Et 4° six médailles aussi en argent, mais d’un plus petit module, à M.M. Podesta, Pratz, Granet, Garcin, Constant et Simon ____
Dit aussi qu’il y a lieu d’ériger, au frais de la commune, un monument sur la tombe du regrété M. le docteur Ginouvès, conseiller municipal, administrateur de l’hospice, mort du choléra dans l’exercice de sa profession,
Vote, sauf l’approbation de M. le Préfet, la somme de onze cent francs.
M. le Maire a dit ensuite qu’il ne voudrait point lever la séance sans rendre hommage au dévouement éclairé avec lequel les religieuses de Ste Marthe, attachées à notre hospice ont soigné les cholériques confiés à leur charité, ainsi qu’au zèle et à la sollicitude dont Mr Davin, curé de notre paroisse, M.M. les vicaires Gensollen et Aurrens et M. l’abbé Gueit ont fait preuve dans l’accomplissement des devoirs de leur saint ministère pendant l’épidémie.
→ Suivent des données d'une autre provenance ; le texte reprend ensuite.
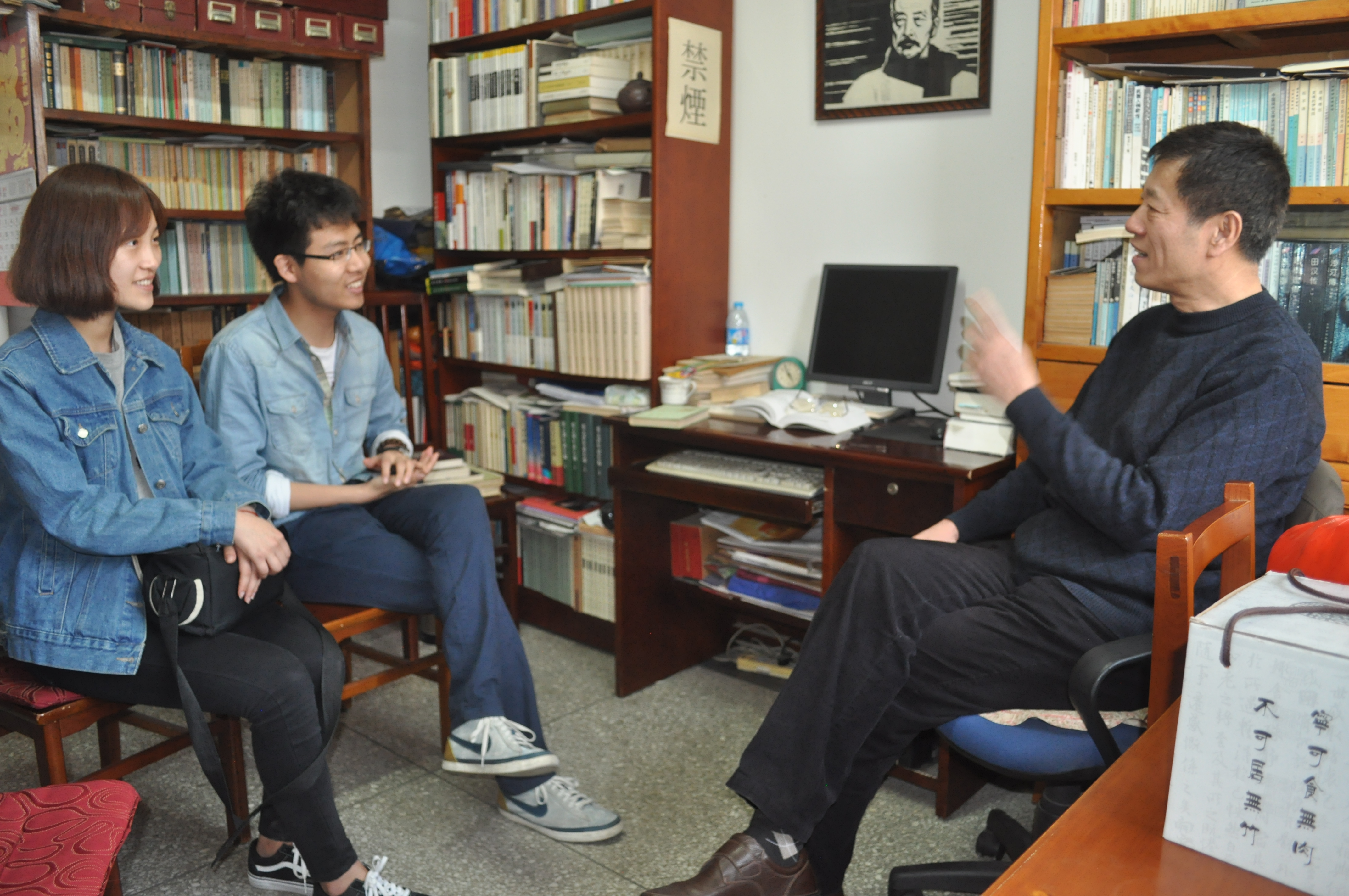 张铁荣教授师承李何林先生,专修鲁迅研究。他为志愿者们讲解了鲁迅的治学精神和为人之道,并由此出发,对当代老员工如何做精、做强专业领域的学术科研提出了建议和希冀。他告诉青年员工,作为文科类的员工,在做好本专业的研究外,更应该加强培养多维的思考方式,从理工科思维、乃至外语思维的角度来看待本专业的学术研究,会有更多的意外惊喜和收获。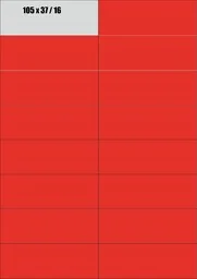 ICPC A4 CZERWONE Etykiety samoprzylepne 105x37 CZERWONE Format: A4 Ilość: 100 arkuszy 16 naklejek na arkuszu Informacje dodatkowe: Nadają się do wszystkich urządzeń drukujących - drukarek atramentowych, drukarek laserowych, kopiarek. Podłoże papierowe, matowe. Kolor czerwony (007) - w rzeczywistości kolor etykiet może nieznacznie różnić się od koloru w ofercie.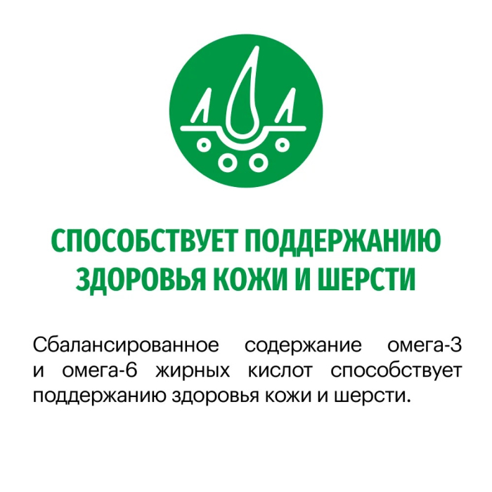 Способствует сохранению здоровья кожи и шерсти, благодаря оптимальному соотношению омега-3 и омега-6 жирных кислот;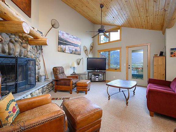 Mountain views beckon from all three levels of this Pines Phase II unit. Perched above Hidden Village, this spacious 4 bedroom/4 bath floorplan offers solitude away from the hustle and bustle of Big Sky, yet is close to recreation and amenities. Each bedroom has its own bathroom and each floor features at least one bedroom with two bedrooms and laundry on the middle level. The lower level is above ground and offers a private family room with wet bar, patio and hot tub. Open kitchen, dining and living room easily flow for everyday use or special entertaining. River rock wood-burning fireplace, log accents and vaulted tongue & groove wood ceilings give this property the Montana feel you've been looking for! Lots of room makes for an ideal residence or vacation home to enjoy Big Sky skiing, fly fishing the blue ribbon Gallatin river, adventures in Yellowstone Park or exploring the Gallatin National Forest.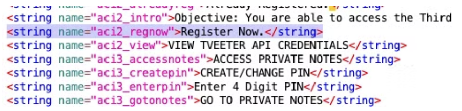우선 RadioButton rbregnow = (RadioButton) findViewById(R.id.aci2rbregnow); 부분에서 aci2rbregnow 가 /res/values/strings.xml 경로에서 확인할 수 있었는데

M. le Maire termine en disant qu’il lui paraîtrait convenable de faire une mention honorable des personnes qui à divers titres ont aussi rendu des services à leur pays.
M.M. les membres du conseil confèrent entr’eux à ce sujet, et décident que cette mention honorable est accordée en témoignage de satisfaction à M.M. Arène, membre du bureau de bienfaisance, Aiguier Charles, Ardouvin Honoré, maçon, Gaugier Hilarion et Troin, fils.